Alice Diop in New York  

Winner of the 2019 César for her short film Vers la tendresse, Alice Diop is first and foremost a documentarian, with her last film, NOUS, winning the Encounters Grand Prize at Berlin. In New York, she will share her experience of the city through the intersecting trajectories of two women: a Senegalese taxi driver and a Black American painter who has recently shown her work at a major New York museum. 

Hassen Ferhani in Miami  

Franco-Algerian documentary filmmaker Hassen Ferhani has made several feature films, including Dans ma tête un rond point and 143 rue du désert (Golden Leopard for Best Emerging Filmmaker, Locarno 2019). In Miami-Dade County he will walk the streets of Opa-Locka, a real city with architecture and planning torn from the pages of One Thousand and One Nights. Here, Ferhani will seek situations and subjects who enable a reactivation of this mythology in the present-day. 

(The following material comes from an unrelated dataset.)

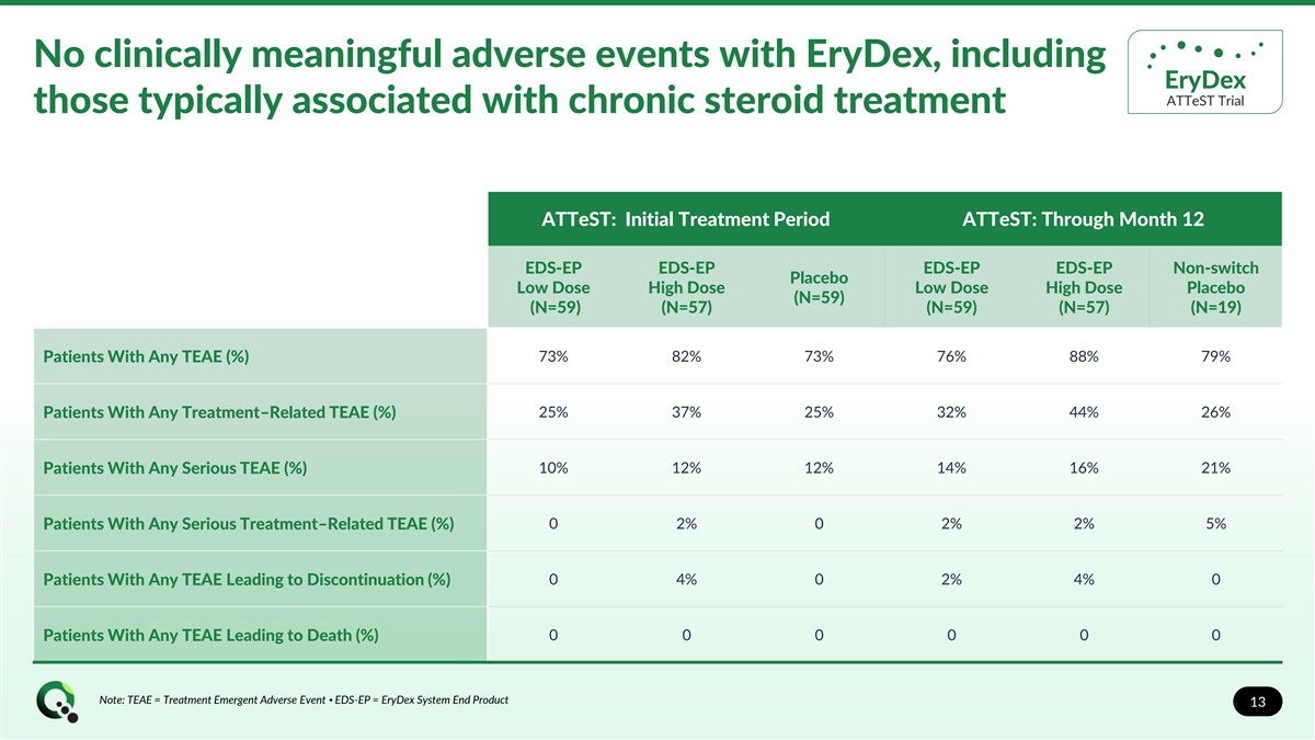 No clinically meaningful adverse events with EryDex, including EryDex ATTeST Trial those typically associated with chronic steroid treatment ATTeST: Initial Treatment Period ATTeST: Through Month 12 EDS-EP EDS-EP EDS-EP EDS-EP Non-switch Placebo Low Dose High Dose Low Dose High Dose Placebo (N=59) (N=59) (N=57) (N=59) (N=57) (N=19) 73% 82% 73% 76% 88% 79% Patients With Any TEAE (%) Patients With Any Treatment–Related TEAE (%) 25% 37% 25% 32% 44% 26% 10% 12% 12% 14% 16% 21% Patients With Any Serious TEAE (%) 0 2% 0 2% 2% 5% Patients With Any Serious Treatment–Related TEAE (%) Patients With Any TEAE Leading to Discontinuation (%) 0 4% 0 2% 4% 0 0 0 0 0 0 0 Patients With Any TEAE Leading to Death (%) Note: TEAE = Treatment Emergent Adverse Event • EDS-EP = EryDex System End Product 13

Yann Gonzalez in San Francisco  

Yann Gonzalez’s first feature film was selected for Cannes’ International Critics’ Week in 2013, and his second, Un couteau dans le cœur, was selected at Cannes in 2018. Inspired by Amos Vogel’s Film as a Subversive Art and the universe of Curt Mc Dowell, Yann Gonzales will train his eye on San Francisco, the city of the avant-garde and of emancipation. 

Sophie Letourneur in Houston  

Sophie Letourneur’s work is driven by an attentiveness contemporary femininity and to the extraordinary that can be found within the everyday, its absurdity and its capers, as illustrated in her feature films La vie au Ranch and Enorme. In Houston, immersed in a strange yet familiar environment, she will try to capture the city by confronting the otherness of masculinity and science. 

Valérie Massadian in Atlanta  

The one-time assistant of Nan Goldin, Valérie Massadian has directed two feature-length fiction films, each of which plays on the frontiers between documentary and fiction: Nana (Golden Leopard for Best First Feature, Locarno 2011) and Milla (Special Jury Prize, Locarno 2017). Massadian will explore Atlanta on board a van, where she will collect inhabitants’ stories and dig into the nooks and crannies of the city, which envelop the entire history of the US and its antagonisms. 

Bojina Panayotova in Washington D.C.  

Bojina Panayotova is a filmmaker who loves to confront lies, secrets, and power. In Washington, D.C. she will focus on an event that look place the day after Ronald Reagan’s 1980 election, the “Women’s Pentagon Action”. She aims to awaken the memory of this movement – a 2,000-woman protest which engulfed the Pentagon in dance and originated eco-feminism in the United States. 

Virgil Vernier in Los Angeles 

Between documentary and fiction, Virgil Vernier is a filmmaker of urban and supra-urban environments. Hi notably directed Orleans, Sofiantipolis, Les mercuriales. In Calabasas, Los Angeles, Vernier will direct a bedbug invasion in a mansion, a work that will straddle documentary and horror. 

 

Panel: Villa Albertine presents “10 in America” 

May 22, 2022, 2pm-3pm (Cannes)  

International Village – World Cinema Pavillion (108) 

In partnership with

Les Films Hatari

Les Films Hatari is an independent French film and television program production company founded in 2002. Its ambition is to support films that seal a committed narrative with strong cinematography, with strong potential for financing and marketing on the French, European and extra-European markets. French. Since its birth, Les films Hatari has produced around fifty films, most of which have been screened at festivals around the world.

UFO International Productions LLC (UFO)

Founded by William Jéhannin in 2015, UFO Production produce mainly documentary films, selected in major international film festivals such as Cannes, Berlin and Rotterdam. William Jéhanin has also been distributing films for the last 20 years and is a member of the Board of Directors of the Academy of César representing the documentary section.